On 19 February, a three-judge Bench headed by Chief Justice of India D.Y. Chandrachud voiced “deep concern” about the “horse trading taking place.” It was made in reference to the sudden shift of allegiances of three AAP councillors to the BJP, coinciding with Sonkar’s resignation as Mayor on the eve of the SC hearing.

“This court is duty-bound in exercise of its powers to do complete justice under Article 142 to ensure that the process of electoral democracy is not thwarted by such subterfuges. Allowing such a state of affairs to take place would be destructive of the most valued principles of democracy our country depends on,” Chief Justice Chandrachud observed.

“The court must step in to ensure that the basic mandate of the electoral democracy, albeit, at the local participatory level, is preserved,” Chief Justice Chandrachud said.

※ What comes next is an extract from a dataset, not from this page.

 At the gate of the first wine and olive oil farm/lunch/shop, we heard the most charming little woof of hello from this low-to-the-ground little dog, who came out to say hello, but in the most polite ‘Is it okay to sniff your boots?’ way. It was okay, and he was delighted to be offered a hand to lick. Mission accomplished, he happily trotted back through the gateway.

The court said that the returning officer Masih’s misconduct, by “making a single line in ink by way of a mark in the bottom half of the eight ballot papers so that these votes would be treated as invalid”, led to the “destruction of the fundamental democratic principles.”

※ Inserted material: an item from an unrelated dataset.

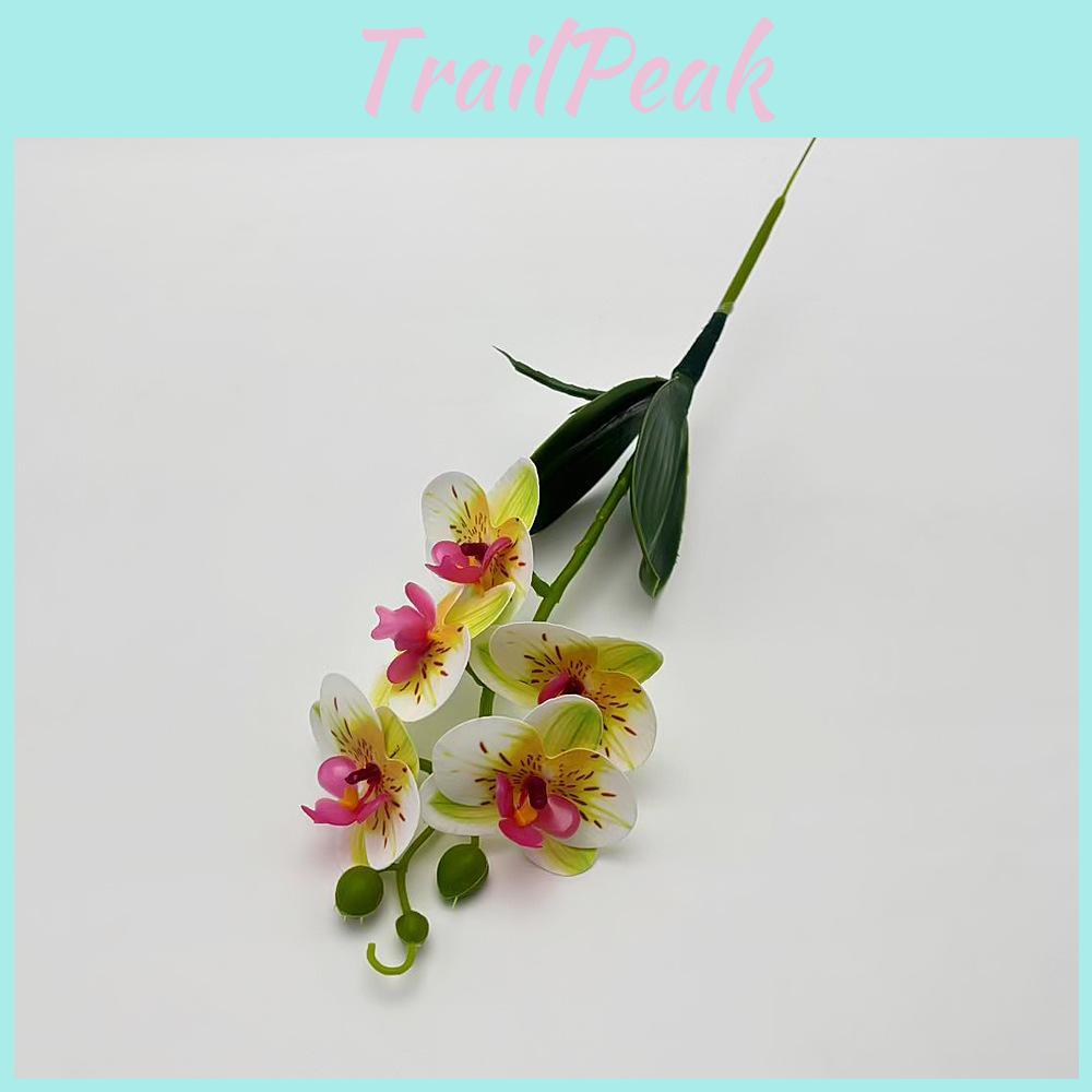This artificial orchid features five elegant butterfly-shaped blossoms with attached leaves, designed to enhance wedding, event, or home dcor. Crafted with a fixed-form technique,constructed from durable, lightweight materials. Ideal for outdoor celebrations, photo shoots, or interior decoration, this versatile floral accent adds vibrant color with options in purple-white, orange-yellow, green-white, black-purple, patterned purple, and solid purple. Wipe clean with a damp cloth to maintain its appearance.
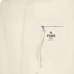 Camisa oversize de manga corta. bolsillo con cremallera en el pecho. cierre de botón cubierto. confeccionado en algodón color beige. el bolsillo del pecho está rematado con un logotipo de fendi roma en contraste y un deslizador fendi o’lock.

The court said that Masih misused his capacity as a returning officer to unlawfully alter the course of the mayoral elections. He further made a “patently false statement” in the Supreme Court on February 19 that the eight ballot papers were already defaced by the time they had reached him.

“He has to be held accountable… He could not have been unmindful of the fact that he was making a statement prima facie false to his own knowledge,” Chief Justice Chandrachud said.

Article 142

The Supreme Court of India used its power under Article 142 of the Constitution to do “complete justice” and protect the sanctity of electoral democracy.

Article 142 of the Indian Constitution is a provision that empowers the Supreme Court to pass any decree or order necessary for doing complete justice in any case or matter pending before it. It also makes such decree or order enforceable throughout the territory of India.

The Article gives the Supreme Court a unique power to transcend the limitations of law or statute in order to ensure justice for the parties involved and it enables the top court to exercise executive and legislative functions in certain situations, such as issuing guidelines, directions, or orders to the government or other authorities.

The Article 142 further allows the Supreme Court to intervene in matters of public interest, human rights, constitutional values, or fundamental rights, and to protect them from any violation or infringement and it enhances the Supreme Court’s role as the guardian of the constitution and the final arbiter of the law, and as a source of judicial activism and innovation.

Using Article 142, earlier the top court ordered the release of undertrial prisoners who have spent more than half of the maximum sentence prescribed for their offences.

With the same provision, the apex court also directed the government to provide free and compulsory education to children between 6 and 14 years of age.

Appointing a committee to oversee the investigation and prosecution of the 2G spectrum scam, cancelling the allocation of 214 coal blocks that were found to be illegal and arbitrary and granting permanent commission to women officers in the Indian Army were some examples of the Supreme Court’s use of Article 142.

Article 142 is supported by several other provisions, including Article 32 (which ensures the right to constitutional remedies), Article 141 (mandating that all courts within India must abide by the Supreme Court’s decisions), and Article 136 (which allows for the Special Leave Petition). This collective framework is known by the term “judicial activism.”